Endoscopic examination of the stomach and colon

Intestinal endoscopy, as a diagnostic method, is used to examine the mucous membrane of the organ for the presence of pathological processes and formations. The procedure is carried out using special equipment - an endoscope, which is a flexible conductor equipped with a “flashlight” and a miniature video camera that transmits an image to a monitor at multiple magnification. Endoscopic examination is a minimally invasive procedure that rarely causes side effects or complications.

What is intestinal endoscopy and its types

Endoscopy of the gastrointestinal tract (GIT) is carried out using endoscopes - flexible tubes with an optical system and displaying images on a monitor. Different parts of the gastrointestinal tract are examined using different endoscopes and on this basis are divided into types:

  1. Esophagogastroduodenoscopy
    (EGDS) - the duodenum is examined by introducing a fiber gastroscope through the mouth after the esophagus and stomach.
  2. Enteroscopy
    – examination of the small intestine with an enteroscope:
  • Jeunoscopy - the upper parts of the small intestine (jejunum) is performed with the introduction of an enteroscope through the mouth;
  • Ileoscopy - lower parts of the small intestine (ileum) is performed with the introduction of an enteroscope through the anus.
  1. Colonoscopy – colonoscopy of the large intestine through the anus.
  2. Anoscopy
    – lower ampullary rectum and anal canal using an anoscope.
  3. Sigmoidoscopy
    – rectum and lower parts of the sigmoid using a sigmoidoscope.
  4. Capsule endoscopy
    – small and large intestine using a capsule video camera taken inside.

Capsule endoscopy research technique

The doctor pre-consults the patient, talks about the technique and explains how to prepare for this study. 3 days later, after preparing the gastrointestinal tract, a study is carried out: at 9-10 o’clock the capsule is placed, at 11 o’clock the study begins, then the patient goes home or to work, at 23 o’clock the study is completed and the device is turned off, which the patient carries out independently at home. The next day, a second visit to the clinic, handing over the device and deciphering the results. The capsule is disposable and is not given to the clinic. It comes out on its own through the anal canal and is disposed of in the toilet.

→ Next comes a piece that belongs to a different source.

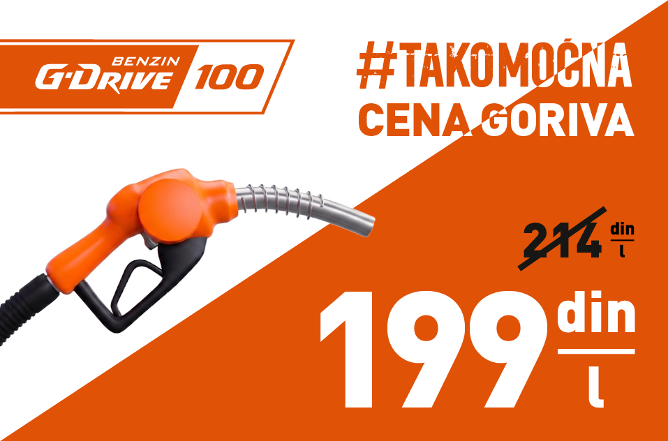 U periodu od 25. do 30. aprila, obezbedite maksimalnu snagu svom motoru po specijalnoj ceni. Premijum G-Drive 100 benzin dostupan je za samo 199 dinara po litru na sledećim benzinskim stanicama:

The capsule is activated when the doctor removes it from the package. But during research it is turned on only where necessary. Next, the patient swallows a PillCam™ COLON system capsule (Israel), which is equipped with two cameras recording images with a wide viewing angle of 172° for each camera, a radio transmitter and a battery. A recording device is attached to the patient's belt, which is highly sensitive to receiving the signal coming from the capsule. The capsule moves along the digestive tract, thanks to the peristaltic waves of the intestine, and produces up to 35 pictures per second. During the study it is not necessary to be in the clinic; you can freely manage your personal time. At the end of the study, you must return the recording device to the doctor. The doctor's report can be obtained after a few hours.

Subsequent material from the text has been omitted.